Wednesday, May 20, 2026

Mouth Checks and Breath Tests Under Baker

 The Utah Court of Appeals recently published an opinion that will impact our breath tests in DUI cases cases going forward. The decision came in State v. Montgomery, 2026 Ut App 77. 

The relevant basic facts of the case holding were that after the suspect was lawfully arrested, the officer completed a 30-minute observation prior to the breath test, but that no initial mouth check was done to start that observation. This is where this case hinges. No other aspect of the case was found problematic, however, the failure to do an initial mouth check became fatal to the admissibility of the ultimate breath test. 

Every officer that has been training on operation of the Intoxilyzer has been trained to do an initial mouth check prior to the required 15-minute observation period. We have had this issue pop up regularly enough around the state where officers were failing to do the mouth check. The basic argument at suppression hearings has been that while it is part of their training and certainly a best practice, the initial mouth check is not required for the intoxilyzer to properly issue an accurate reading on the person's BAC. We have won some of those motions around the state, and we have lost some of those motions from around the state. However, the Court of Appeals has now articulated this initial mouth check as a required factor for admissibility of a breath test. The holding says that "an initial mouth check is required to satisfy the third foundational requirement for admissibility of breath alcohol test results." 

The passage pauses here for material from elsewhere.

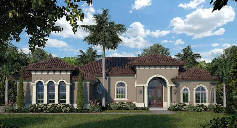 Measuring 68'10'' in width and 59'11'' in depth, this residence stands at a height of 22'6'', creating a welcoming presence. The first floor boasts impressive 12' ceilings, enhancing the airy feel throughout. A side-loading garage accommodates three vehicles, ensuring ample storage and convenience. Constructed on a solid slab foundation with CMU wall framing and elegant stucco exterior, this home seamlessly blends style and functionality, making it an ideal choice for those seeking a modern living space.

While always a part of the training on the Intoxilyzer, officers have at times missed this mouth check either out of error or by habit. This failure to do an intial mouth check is now a fatal blow to the breat test results and we need to make sure our officers know this going forward. 

You may read the full opinion here: State v. Montgomery

Monday, September 29, 2025

Probable Cause in DUI Case: State v. Dutton

 The Utah Court of Appeals has given a helpful analysis of probable cause as it relates to DUI cases. 

Facts: 

Defendant drove to the bank and bank employees called the police as they were worried that she was intoxicated. Her driving was reported as "iffy," her speech was slow, and she seemed "out of it." A police officer that was personally aware of the defendant responded and found her vehicle. He went to make a stop for a broken taillight, but defendant pulled into her driveway. When officer approached, defendant handed him unrelated paperwork and was slow to produce her diver license. Officer noted defendant's speech was slurred and she had a "thick tongue." She stumbled when she exited the vehicle and appeared disoriented. While he did not smell the odor of alcohol, he did suspect she was impaired. Officer did the HGN test which showed 4 of 6 clues. Due to a back injury, the other two tests were not completed.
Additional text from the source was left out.